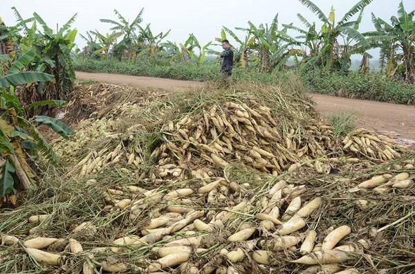 Thậm chí người dân còn phải thuê người dọn ruộng, mang củ cải đi vứt bỏ với mức giá 1 - 1,5 triệu đồng/sào. Nhiều gia đình cũng như thương lái cho biết, họ đã phải vứt bỏ hàng mẫu ruộng trồng củ cải trắng cũng như thua lỗ cả trăm triệu đồng.
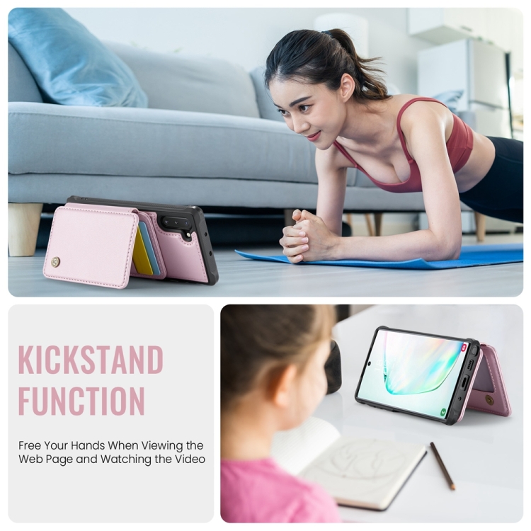 Estuche para Teléfono Samsung Galaxy Note10 5G Jeehood J05 Cuero Rfid Magnético Empresarial (Rosa)
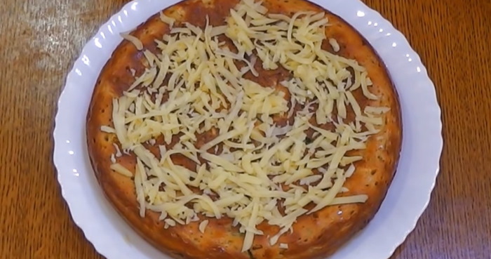8. Отриманою сумішшю заллємо заготівлю та надіслати заповнену форму на півгодини в розігріту духовку до 180 градусів.

» **WORK REQUIRED**
Lines from the one that contains "Estuche para Teléfono" through the last line of the data above are to be extracted exactly, with no pictures and no other lines.

» **RESPONSE TO THIS EXERCISE**
 Estuche para Teléfono Samsung Galaxy Note10 5G Jeehood J05 Cuero Rfid Magnético Empresarial (Rosa)
8. Отриманою сумішшю заллємо заготівлю та надіслати заповнену форму на півгодини в розігріту духовку до 180 градусів.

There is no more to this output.